NovoRank is a machine learning/deep learning-based algorithm that post-processes the De novo sequencing results.
- NovoRank is implemented and tested with
Python==3.9
requirements.txt
and
DeepLC ( https://github.com/compomics/DeepLC )
MS-Cluster ( http://proteomics.ucsd.edu/software-tools/ms-clusterarchives )
CometX.exe ( this is in-house software modified to calculate XCorr only. The implementation is based on the Comet software )
All data used in the experiment can be downloaded from the 'sample' folder in the NovoRank GitHub repository and https://drive.google.com/drive/folders/13jir3-QLcAVGtUe84Tfp5utctnHRI-5Q?usp=share_link.

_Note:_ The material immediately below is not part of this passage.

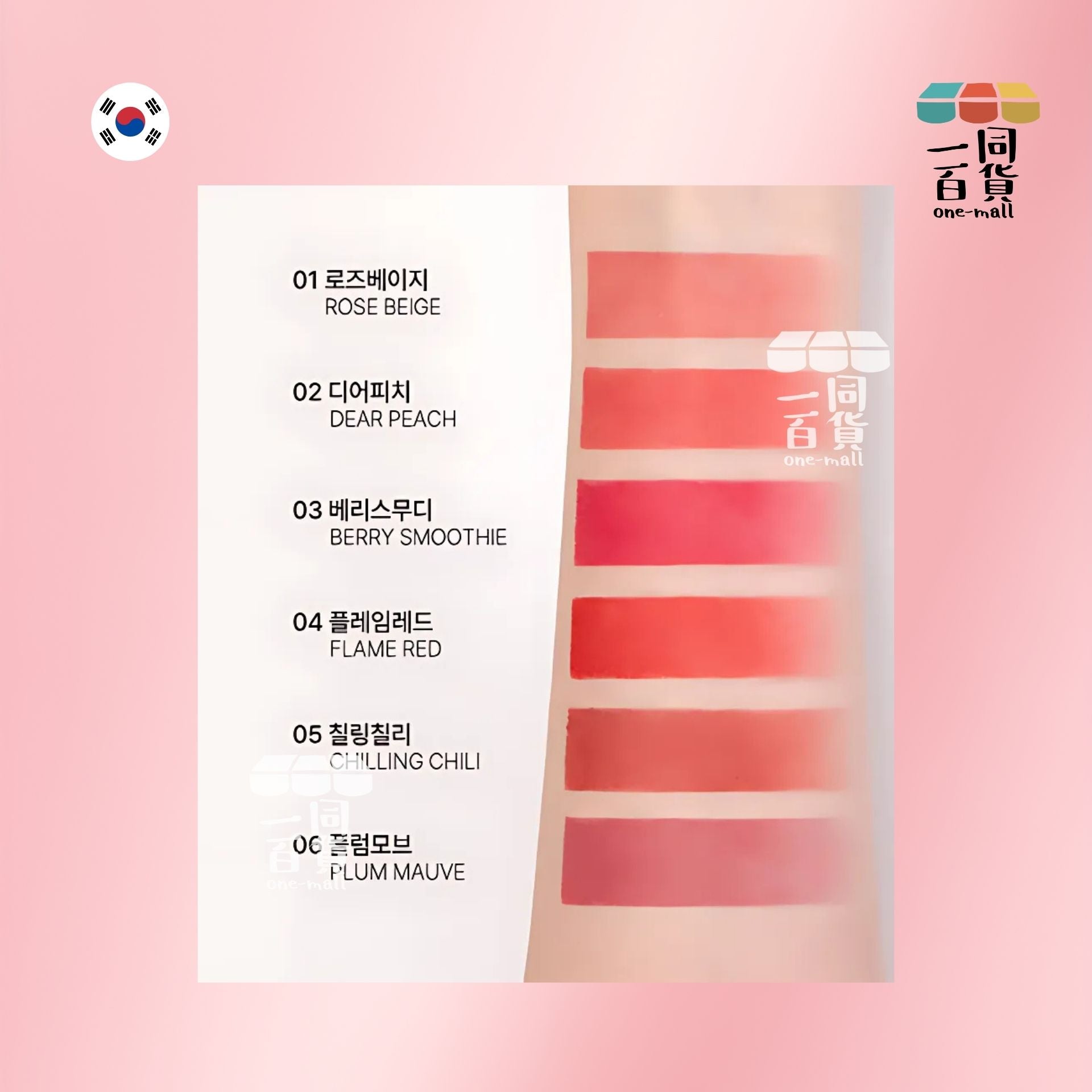 - 輕輕塗抹於雙唇,如需更飽滿色澤可多次上色;One Mall建議先用唇部打底增強服貼度 💪

A user can download pre-trained model and test sample data at https://drive.google.com/drive/folders/1ICmLBRBhJGdImi4aPwlQVS6pfKT-Z8sI?usp=share_link and run below command line for quick test:
- Create and activate an Anaconda virtual environment.
conda create -n [NAME] python==3.9
conda activate [NAME]- Install all packages in the requirements.txt file with the following command.
pip install -r requirements.txt- Run run_novorank.py.
python run_novorank.py .\test\config_for_reviewer.txtTo use NovoRank for your datasets, you HAVE TO train your own model fitting to your datasets.
As an initial step, a user MUST make their datasets to fit NovoRank input standard.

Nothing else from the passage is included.